0

I am looking for a pattern that catches and substitutes:

"whatever whatever 1. [document 1] This is a document dealing with"

"whatever whatever 1. This is a document dealing with"

but of course only in the case where both numbers are the same

in general:

"whatever whatever N. [document N] This is a document dealing with"

if it helps N has to be between 1 and 1000 (i.e. max three characters)

import re
mystr = "whatever whatever 1. [document 1] This is a document dealing with"
mystr = re.sub(r'([1-9]+)(\s)?(\.)(\s+)(\[Document )(*****)',r'\1\2\3\4',mystr)
                 ^^^^^^^^                            ^^^^^^

I have to refer in ***** to the first group

I could use:

mystr = re.sub(r'([1-9]+)(\s)?(\.)(\s+)(\[Document )([1-9]+)',r'\1\2\3\4',mystr)

but of course that will inlcude cases like: "whatever whatever 56. [document 877] This is a document dealing with"

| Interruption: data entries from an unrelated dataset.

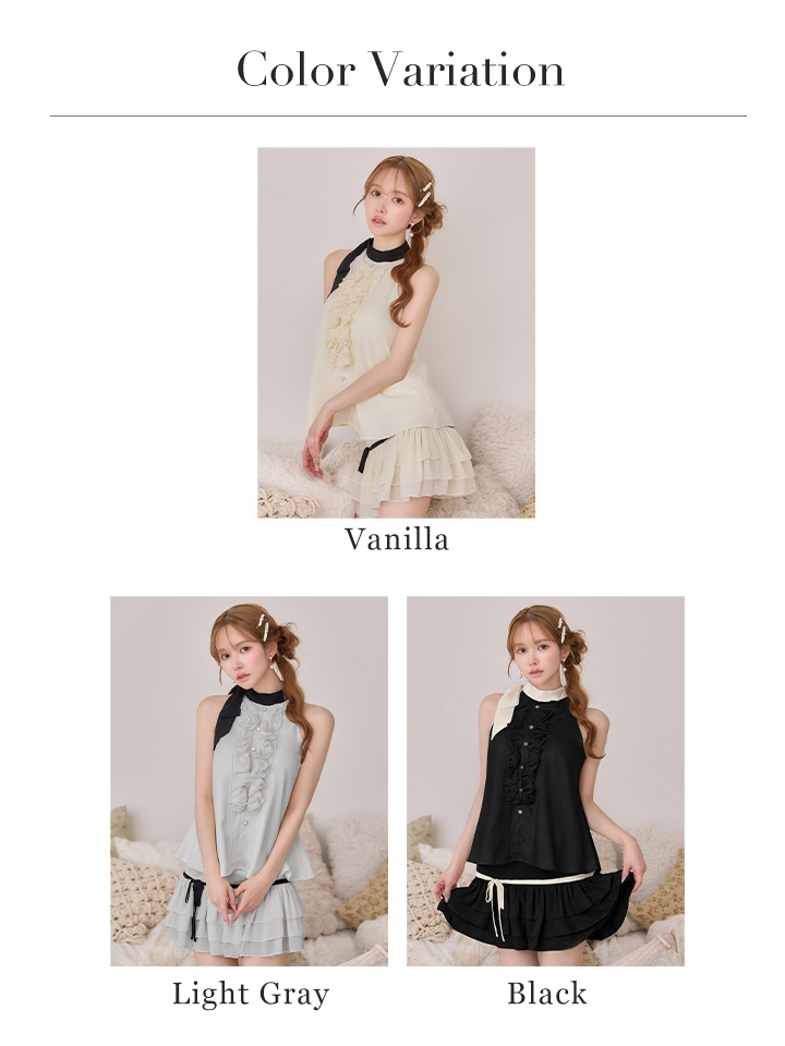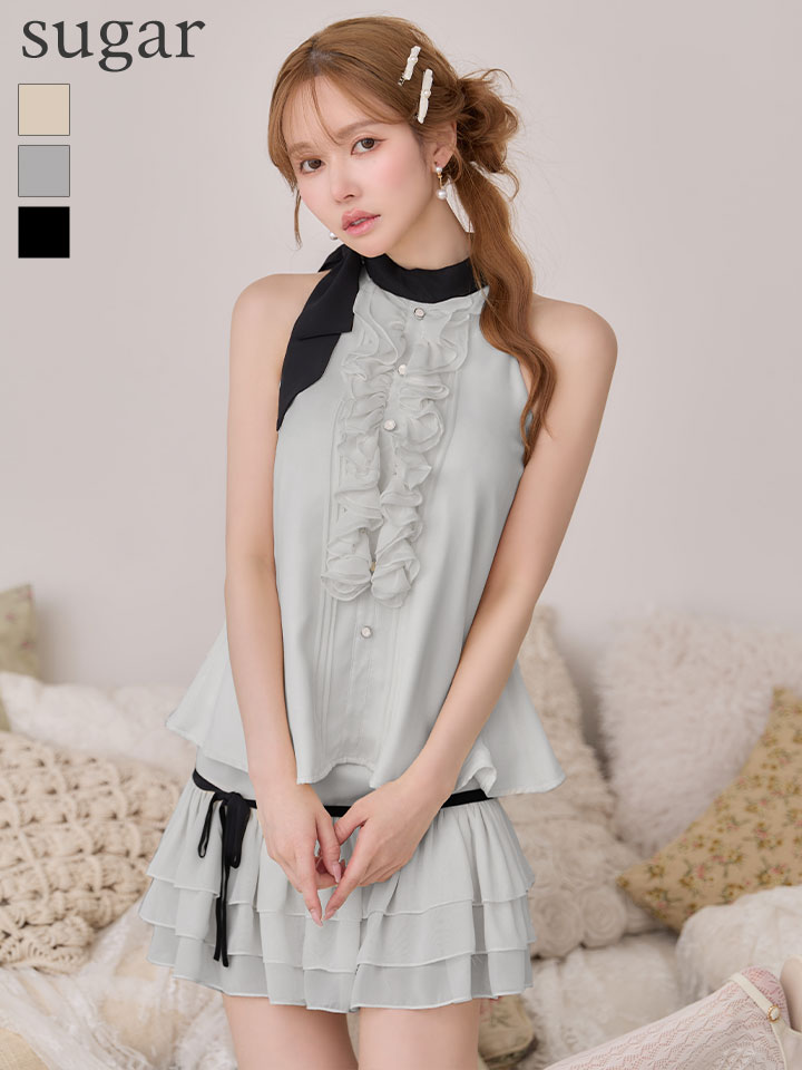 【予約商品/2月下旬発送予定】XSサイズあり【IRMA/イルマ】フリル/ ハイネック/ バイカラー/ リボン/ ノースリーブ/ フレア/ セットアップ/ ミニドレス/ キャバドレス[OF2A] [61041-IR-vanilla-S260224]
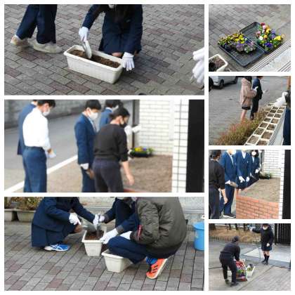 環境美化委員会によるプランターの花の植え替え作業が行われました。
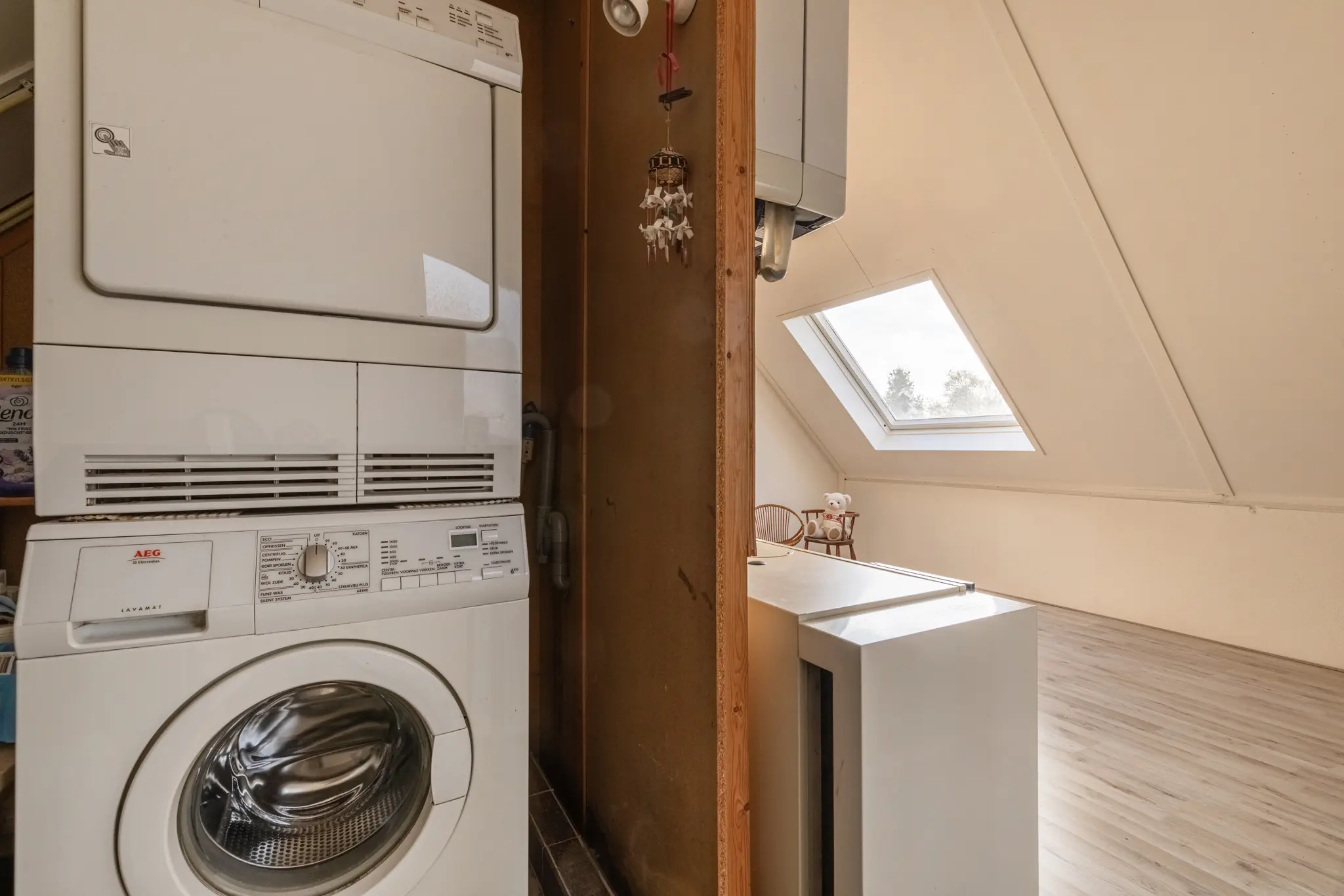 - Zolderverdieping met witgoedaansluitingen en installaties
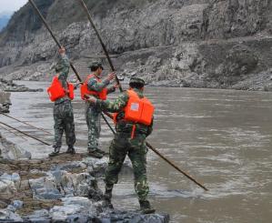 官兵用竹竿就近搜尋
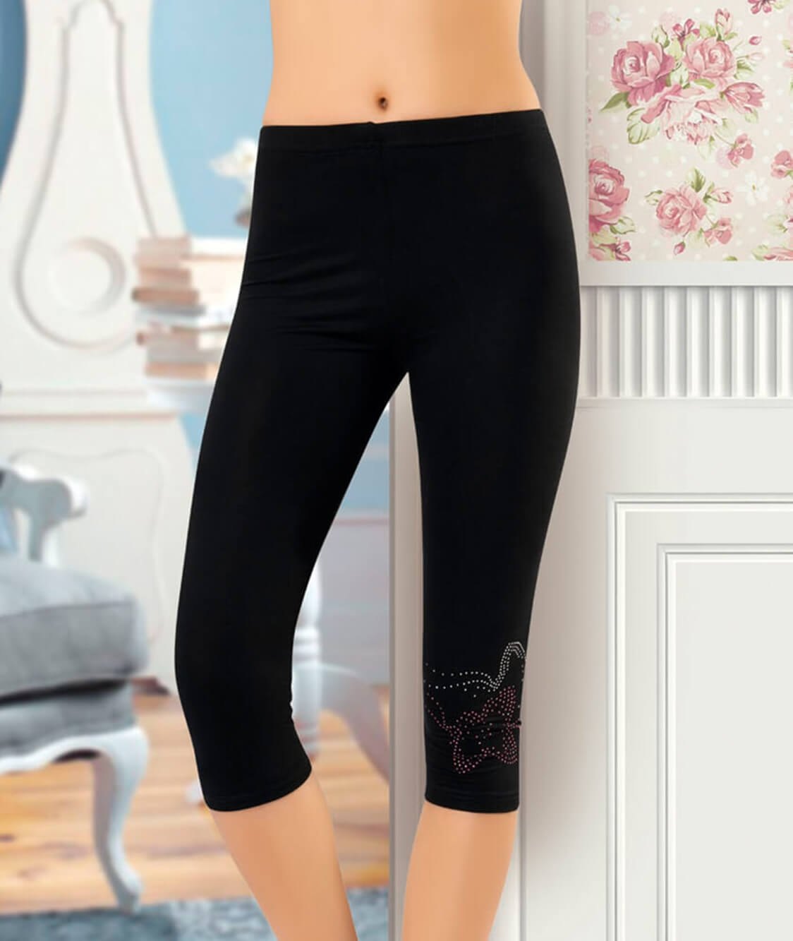 Kurşun renkli, yüksek bel tasarıma sahip nakışlı kapri tayt, esnek kumaşıyla rahat bir kullanım sunar.
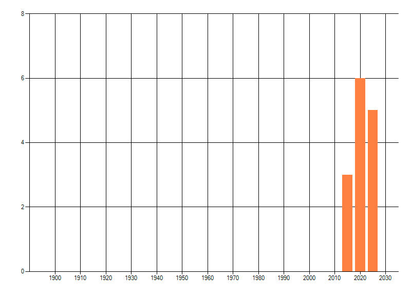 Het aantal atlasblokken (5x5 km) waarin de soort is gemeld binnen een periode van vijf jaar (vanaf 1980) of twintig jaar. Niet gecorrigeerd voor waarnemersinspanning en het aantal doorgegeven waarnemingen kan sterk variëren per periode, dus een trend in verspreiding kan hier niet direct uit worden afgelezen. Het opgegeven jaartal is het eerste jaar van de periode. Bron: gevalideerde waarnemingen uit de NDFF.
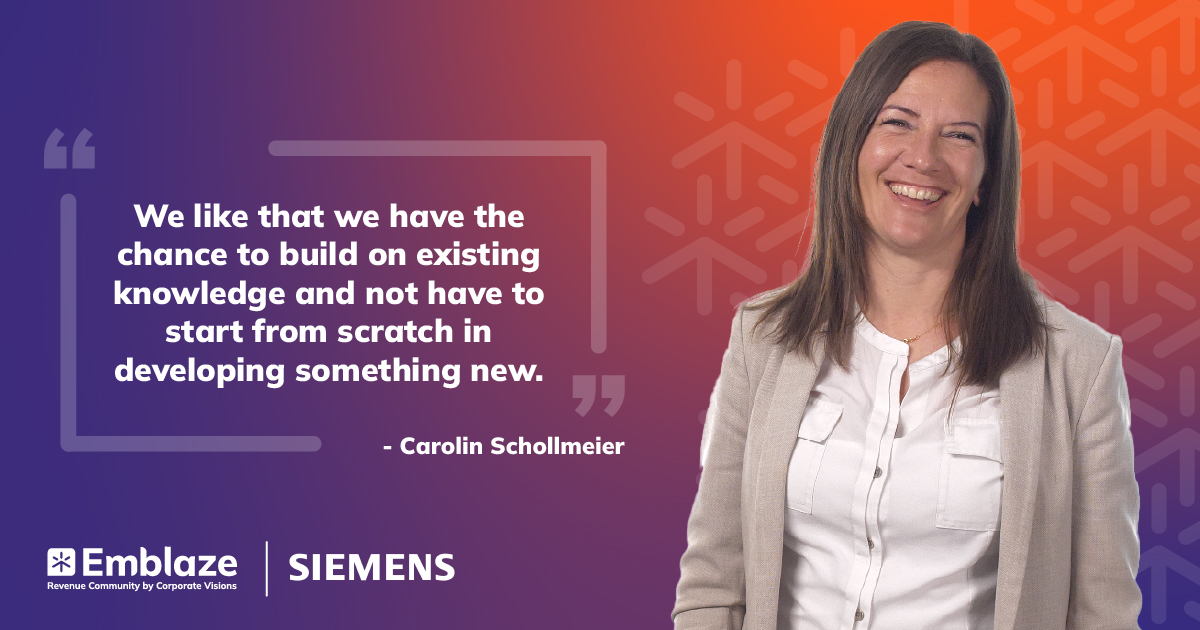 Revenue leaders rarely have time to start strategies from scratch. With her Emblaze membership, Carolin Schollmeier, Lead of Digital Sales Enablement at Siemens, cherry-picks from the Idea Lab to infuse her own approaches, along with insights and ideas gleaned at the annual Emblaze Summit.

I check a bunch of answers with no success: Regex: How to match a string that contains repeated pattern? Capture repeated groups in python regex Capturing repeating subpatterns in Python regex Regex with repeating groups python regular expression repeating group matches

JFerro
  • 3,203
  • 7
  • 35
  • 88

1 Answers1

2

You can use a group and a backreference to the number:

As I am not sure of your full condition to match, I am providing a minimal example here assuming the only match is a number with up to 3 digits followed by a reference of the form [document {number}]:

import re
mystr = "whatever whatever 1. [document 1] This is a document dealing with"
mystr = re.sub(r'((\d{1,3})\.)\s*\[document \2\]', r'\1', mystr)

output: 'whatever whatever 1. This is a document dealing with'

NB. In the example above the reference to consider is \2, you will have to update this carefully if you are using more capturing groups

mozway
  • 194,879
  • 13
  • 39
  • 75